I would summarize the qualms and feedback from professional investors as the following:

  1. Crowdfunding platform costs trickle down to angel groups. The new audit, due diligence, and liability requirements from the JOBS Act, now levied on equity crowdfunding portals, could dramatically increase the costs and restrictions on angel groups. These groups are now largely run by volunteers at no cost to entrepreneurs.
  1. Lack of checks and balances on startup valuations. A startup that is listed on a crowdfunding platform gets no formal pushback or negotiation on its declared valuation. Unreasonably high early valuations hurt the entrepreneurs, as well as professional investors, later when a second round becomes a down round or can’t be negotiated.
  1. Investors cannot verify accountability or governance. In equity crowdfunding, no investor is representing their own interest. Board seats can’t be negotiated, and even informal mentoring in decision and governance processes is unlikely. This means less capability to ensure that invested funds are spent wisely or as planned. Risk is increased.
  1. Later funding rounds can’t deal with a thousand shareholders. Very few successful startups need only one funding round, and venture firm offerings, as well as the IPO process, will go up in cost, complexity, and risk, as the number of current investors goes up. Even if the additional rounds are also crowdfunded, the same considerations apply.
  1. The impact of “dumb money” versus “smart money.” By definition, investors from the crowd have less experience and differing motivations from professional investors. This can hurt the company, and jeopardize all investors. Most public company executives today decry the short-term focus of conventional shareholders on profits versus strategy.

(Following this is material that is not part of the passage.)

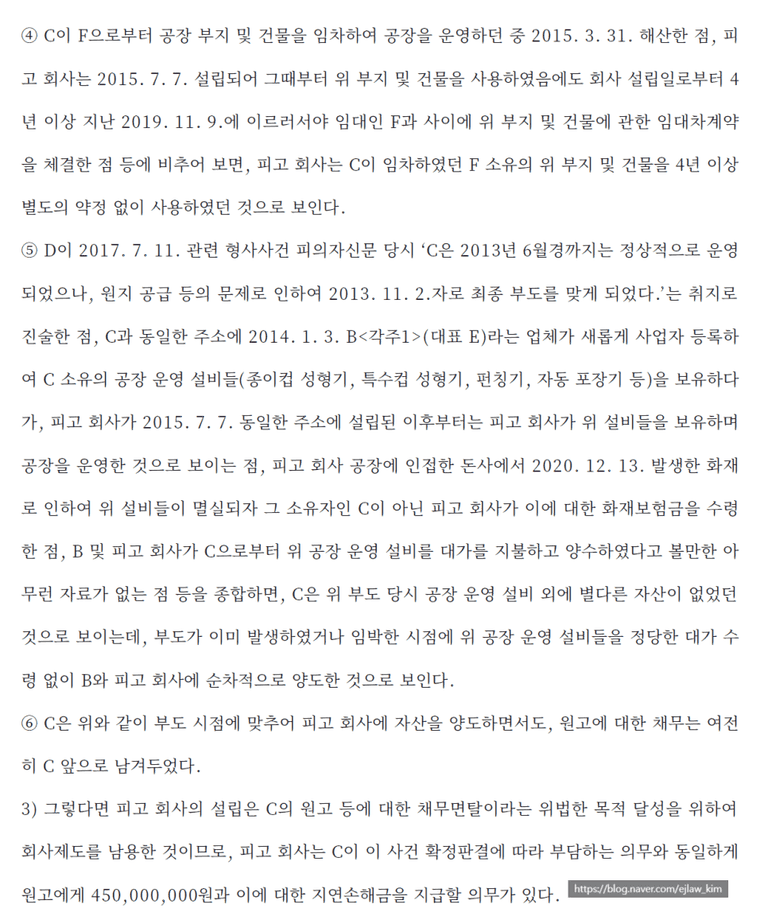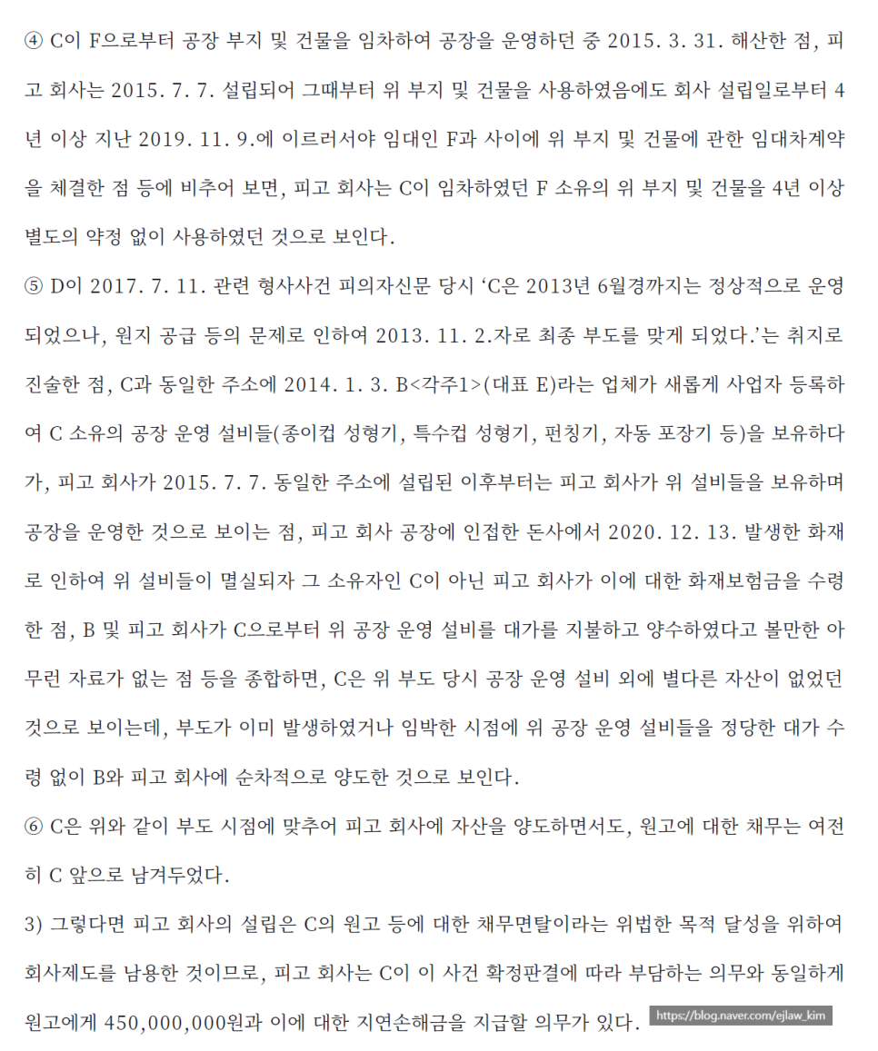 즉, 법인격 부인이 인정되는 상황에서는 신설 회사가 자신은 기존 회사와 별개임을 전제로 하는 어떠한 주장(소멸시효 완성 등)도 할 수 없다는 것입니다.

At the same time, we all recognize that that there is never enough money to satisfy the needs of entrepreneurs, so more sources are always welcome. Smart angels and venture funds have already begun to integrate equity crowdfunding as a step in their investment strategy. Increasingly I’m seeing startups in talks with bigger investors after a successful crowdfunding campaign, as fund managers scout platforms for interesting ideas and teams.

Crowdfunding is here to stay, with the major types focusing on pre-orders, rewards, goodwill, and equity. If you are an entrepreneur, I recommend you find the right platform, a good handbook, and go for it. Your options for funding just increased, or at least you have a new way to get some real market feedback on the demand for your solution.

As a professional investor, I recommend continuing to capitalize on business experience and financial acumen. It shouldn’t be that hard to stay ahead of the crowd.